Gillian asks Jimmy to visit the dying Commodore, his biological father, which he does only reluctantly. Jimmy notes that Gillian was only thirteen years old when he was born, making him a child of rape. The Commodore tries to mollify Jimmy by telling him that "the wrong man is running this town", implying that Jimmy should supplant Nucky, whom Gillian reveals was the one who brought her to the Commodore decades previously while serving as sheriff. Jimmy decides to stay with his father as he passes away. This decision proves crucial, as Jimmy is present when the attending doctor detects significant amounts of arsenic (Paris Green) while testing a hair sample. The Commodore begins to recover, and Jimmy confronts Gillian with an empty canister of Paris Green pigment that he found in the trash. He reassures her of his support, whatever her intentions, but she remains silent.

Rothstein is called to Chicago to face charges of his involvement in the Black Sox Scandal. The surviving D'Alessio brothers have gone into hiding, but Richard finds one of them staying with family members.
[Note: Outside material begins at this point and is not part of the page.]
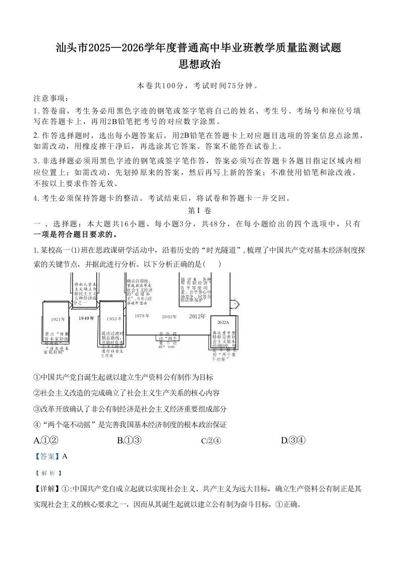 汕头市2025—2026学年度普通高中毕业班教学质量监测 政治试题(含答案).docx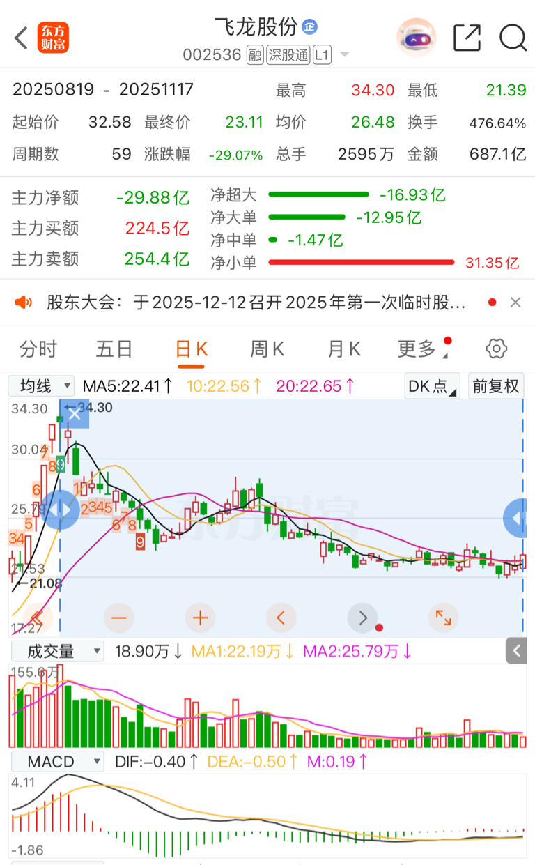 飞龙股份已调整3个月,股价跌幅算得上是跌幅超过50%!

The mild-mannered Richard somewhat ruthlessly suggests killing the family as a means of getting the surviving brothers to "stick their heads up," a tactic harkening back to his past as a sniper in World War I; Jimmy is undecided. Meanwhile, Angela prepares to leave town with Tommy and Mary, leaving a note for Jimmy. She goes to the photography studio only to find it empty, unaware that Robert became aware of Mary's plan and absconded with her. Distraught and helpless, Angela rushes home, only to find that Jimmy has already read the note. With their son in the room, neither mentions the note, and Jimmy seems determined to carry on as before.

Nucky continues to deal with the pressures of winning both the upcoming election and the gang war with the D'Alessio brothers. Meanwhile, the boyfriend of Margaret's friend Annabelle loses all his money in the original Ponzi scheme. When he flees with Annabelle's life savings, she offers to resume her old relationship with Nucky. Margaret catches them talking in his office and later argues with him, criticizing Nucky for involving her in his business, then insisting she ignore its unsavory realities. Nucky argues that Margaret's own choices have brought them together, none of which reflect well on her own character. Margaret levels her suspicions about Nucky's part in the death of Hans, which Nucky indirectly confirms by retorting that neither of them has or should have any regret about what happened to him.

Eli is furious that, by confirming Margaret's suspicions, Nucky has endangered them both. He insults Margaret, calling her a liability created by Nucky's selfishness and criticizing his hypocritical aversion to violence. After a heated argument, Nucky drops Eli from the Republican ticket in favor of Halloran, who has been angling to replace Eli as sheriff. He arrives at Margaret's place only to find that she and her children have already left, her whereabouts unknown. The last scene shows Nucky visiting a palm reader on the Boardwalk, while his butler Eddie looks on.

==First appearance==
- Lemuel Cuffy: The African-American Deacon of Atlantic County's church who is also a member of Atlantic City's black community and a religious member of the black church over there.

==Death==
- Eric Sebso: A Jewish FBI Agent who is Van Alden's junior partner in the investigation on mob bosses and a secretly corrupt agent working for Nucky. He is murdered by Van Alden by being forcefully drowned to death as he is getting baptized.

==Reception==
=== Critical reception ===
IGN praised the episode, calling it "outstanding" and went on to say, "With his safety nets gone and his finger tightening around a trigger gunning for Rothstein, Nucky is a man alone, surrounded by a war that can go any way but good. The future is uncertain, tension hangs and fans of the series are in the best position possible going in to what's sure to be a game-changing finale."

The A.V. Club gave the episode an A−.

===Ratings===
"Paris Green" slid two tenths of a point in to a 1.1 adults 18–49 rating, but had a nearly identical average viewership vs. last week. The episode had a total of 3.004 million viewers.